Above facts gives me reason to expect that what we are seeing is that either iredapd or python simply is crashing unexpected since the last catchall 'except Exception, e:' is never reached.

11

Re: iredapd -1.5.0 problems

Not sure what the root cause is, might be some issue with Python's asyncore module (or socket).
I've no idea yet, sorry. sad

12 (edited by camel1cz 2015-05-24 15:32:06)

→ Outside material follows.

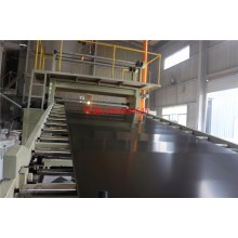 加壓式密煉機(jī) → 自動(dòng)不銹鋼提升機(jī)→ 強(qiáng)制喂料機(jī) → GLD單螺桿 →2500mm成型模具 →三輥擠壓表面處理→牽引機(jī)→板材電暈處理 → 切割機(jī) → 堆放 →油壓發(fā)泡機(jī)

Re: iredapd -1.5.0 problems

Most likely the same problem striked also on my server this morning sad

I read thru the end of the logs and I found out this:

- last 2 emails was from the same (external) sender to the same (local) recipient... they was from postmaster@... maybe some concurrency happened?
- just before the session dump of the first of this 2 emails in the log, I see this line:

2015-05-24 06:11:03 DEBUG Connect from 127.0.0.1, port 41628.

Any hint based on this?

@mir:
I deployed your watchdog script for iRedAPd - thanks a lot! I modified it a bit, to send me email when iRedAPd dies:

#!/bin/sh
CMD=/etc/init.d/iredapd
ADMINEMAIL=<fill your email address>
FROMEMAIL=<fill from email address>

[ -x $CMD ] || exit 0
STATUS=$($CMD status)
if [ $? != 0 ]
then
  $CMD start 2>&1 > /dev/null
  sleep 10
  mail -r $FROMEMAIL -s "iRedAPd died!" $ADMINEMAIL < /dev/null
fi
exit 0

13

Re: iredapd -1.5.0 problems

ZhangHuangbin wrote:

Not sure what the root cause is, might be some issue with Python's asyncore module (or socket).
I've no idea yet, sorry. sad

It seems there have been issues related to asyncore in the past and somewhere I think I read that there is an unfixed bug in python 2.7 which cannot be fixed since it requires adding new features and python 2.7 is in a state of feature freeze.

Could the code be rewritten without using asyncore and maybe use twisted instead?
How big a code change will it require to port it to using twisted?

14

Re: iredapd -1.5.0 problems

Hi Mir,

Are you a Python developer?

iRedAPD itself is simple and easy, we just need to rewrite the socket/daemon part, maybe use 'SocketServer' module (not sure whether it's based on asyncore/asynchat yet, need to check doc), but i personally don't want to involve big component like Twisted in iRedAPD.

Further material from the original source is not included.